RTX

March 13, 2023

I completely failed to achieve my goal of writing something non-technical at least once a month, so here we're trying not to fail with abandon. As a sad result of my WSL2 setup dying, I've had to reconfigure my desktop Linux experience from scratch again.

As a result I've run into Jeff Dickey's rtx, a software version manager written in Rust. Anyone who manages multiple projects with different sets of dependencies1 knows the pain of setting up Python environments. So far I've been using pyenv for that, which is a pretty good default.
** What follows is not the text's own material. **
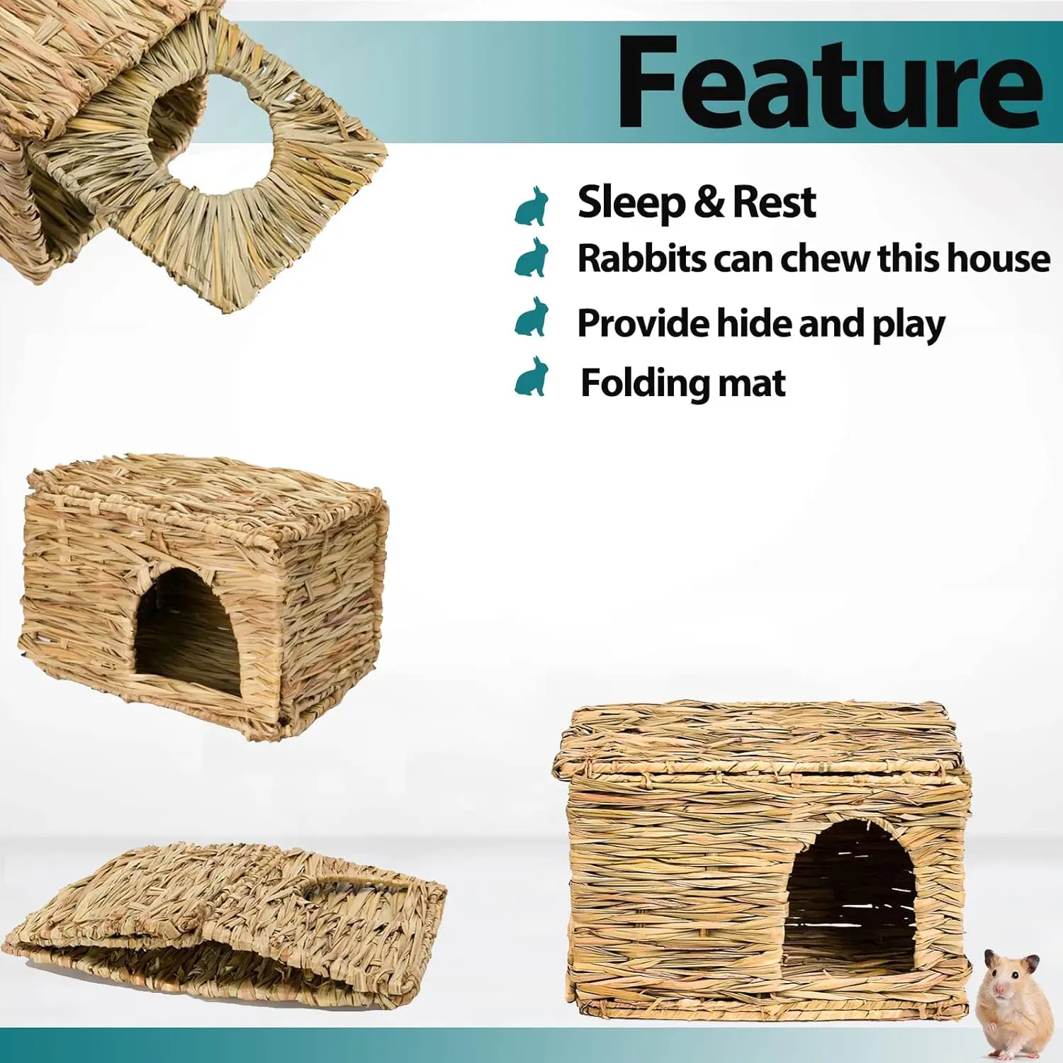 【Play and Rest】Hide can provide more fun for rabbits. Bring home a folded woven straw house for your furry friend. This is a wonderful square nesting product that your rabbit will love to chew, rest or nest on.

rtx, like asdf before it, generalizes version management for software besides just Python versions, which is important when you're scared of npm (like me). Most importantly, it improves it by speeding everything up and removing shims. The entire configuration is downloading rtx, and adding the following to your .zshrc:

eval "$(rtx activate zsh)"

Here's the result:

~ ❯ rtx list
  python 3.10.10            (set by ~/.tool-versions)
  rust 1.67.1               (set by ~/.tool-versions)
~ ❯ cd ~/proj/amplify
~/proj/amplify ❯ rtx list
  python 3.10.10            (set by ~/proj/amplify/.rtx.toml)
  rust 1.67.1               (set by ~/.tool-versions)
~/proj/amplify ❯ which python
/home/singhrac/proj/amplify/.venv/bin/python

Notice the virtualenv in there? That's from moving to a directory with a .rtx.toml in it:

[tools]
python = {version = '3.10', virtualenv='.venv'}

One of the most reassuring parts of the experience is that Jeff is actively working on fixing bugs and adding features pretty much all the time.

1

Ever try testing your Pytorch code on multiple numpy/torch/Python versions? Good luck if you're not using Nox for automated testing, but even with that set up, you'll eventually need to debug some version conflict eventually.